Im Kanton St.Gallen besteht eine restriktive Praxis bei der Bewilligung von privatem Einzelunterricht (Homeschooling). Der zuständige Bildungsrat hat nun erstmals Gesuche von Eltern gutgeheissen, welche ihre Kinder zuhause beschulen möchten. Die Bewilligung ist an verschiedene Auflagen gebunden. Mit diesen sollen insbesondere die ausreichende Grundschulung der Kinder und die Erziehung zur Gemeinschaftsfähigkeit gewährleistet bleiben.
Das Volksschulgesetz erlaubt grundsätzlich den privaten Einzelunterricht (Homeschooling), unterstellt ihn aber der Bewilligungspflicht durch den Bildungsrat. Der Bildungsrat muss gemäss Volksschulgesetz den privaten Einzelunterricht bewilligen, wenn ein der öffentlichen Schule gleichwertiger, auf Dauer angelegter Unterricht gewährleistet ist und dieser von Personen erteilt wird, welche dafür eine ausreichende Ausbildung aufweisen. Als weitere Voraussetzung für eine Bewilligung von privatem Einzelunterricht muss die Erziehung zur Gemeinschaftsfähigkeit sichergestellt sein.
Das Verwaltungsgericht hat die Praxis des Bildungsrats bei der Beurteilung der Frage, wann die Voraussetzung der Erziehung zur Gemeinschaftsfähigkeit erfüllt ist, als zu streng beurteilt. Es hat den Bildungsrat deshalb aufgefordert, die Erfüllung dieser Voraussetzung in drei Fällen erneut zu prüfen.
Sozial- und Selbstkompetenz sicherstellen
Die Erziehung der Kinder zu gemeinschaftsfähigen Menschen ist ein zentrales Anliegen der Volksschule. Eine Isolierung im Rahmen des privaten Einzelunterrichts ist nicht im Interesse der Kinder. Privater Einzelunterricht rückt tendenziell die intellektuelle Förderung in den Vordergrund und vernachlässigt die Entwicklung der Sozial- und Selbstkompetenz. Für nachhaltige Beziehungen zu anderen Kindern und Erwachsenen ist das aber sehr wichtig.
Der Bildungsrat ist dabei der Auffassung, dass allein die Teilnahme an Freizeitaktivitäten und anderen ausserschulischen Aktivitäten zusammen mit anderen Kindern nicht genügt, um die Erziehung zur Gemeinschaftsfähigkeit sicherzustellen. Diese Aktivitäten sind einerseits entgegen dem Unterricht in der Volksschule freiwilliger Natur und selbst gewählt. Sie stellen andererseits nicht die gleichen Anforderungen an soziale Fähigkeiten wie Rücksichtnahme und Toleranz, wie dies der obligatorische Unterricht in der Volksschule oder in einer Privatschule tut.
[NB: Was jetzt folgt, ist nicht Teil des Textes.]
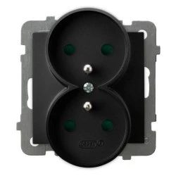 AS Gniazdo podwójne z uziemieniem z przesłonami torów prądowych, moduł bez ramki czarny metalik GP‑2GRZP/m/33

Zwei Drittel der Unterrichtszeit in Gruppen
Die erwähnten Gesuche um Bewilligung von privatem Einzelunterricht stützen sich auf das Konzept «Durchführung von privatem Gruppenunterricht im Kanton St.Gallen» des Vereins Homeschooling St.Gallen ab, welches Unterricht nicht nur zuhause, sondern auch in Lerngruppen vorsieht. Zur Sicherstellung der Erziehung zur Gemeinschaftsfähigkeit hat der Bildungsrat die Bewilligung der Gesuche mit der Auflage verbunden, dass der Lerngruppenunterricht wenigstens 70 Prozent der Unterrichtszeit umfasst. Die Lerngruppen müssen dabei pro Schulzyklus mindestens drei Kinder umfassen. Der Unterricht in den Lerngruppen muss durch Personen mit einem anerkannten Lehrdiplom für den entsprechenden Zyklus erfolgen.
Befristete Bewilligung
Wie die Privatschulen steht auch der private Einzelunterricht unter staatlicher Aufsicht. Für die Bewilligung und die Aufsicht von privatem Einzelunterricht wendet der Bildungsrat die gleichen Grundsätze an wie bei Privatschulen. Demnach wurde der private Einzelunterricht für die betreffenden Kinder zunächst befristet auf zwei Jahre erteilt. Während dieser Zeit prüft die Schulaufsicht mit angemeldeten und unangemeldeten Besuchen, ob die Voraussetzungen für den privaten Einzelunterricht nachhaltig erfüllt werden. Ist dies der Fall, kann nach Ablauf der Befristung auf erneutes Gesuch eine unbefristete Bewilligung erteilt werden.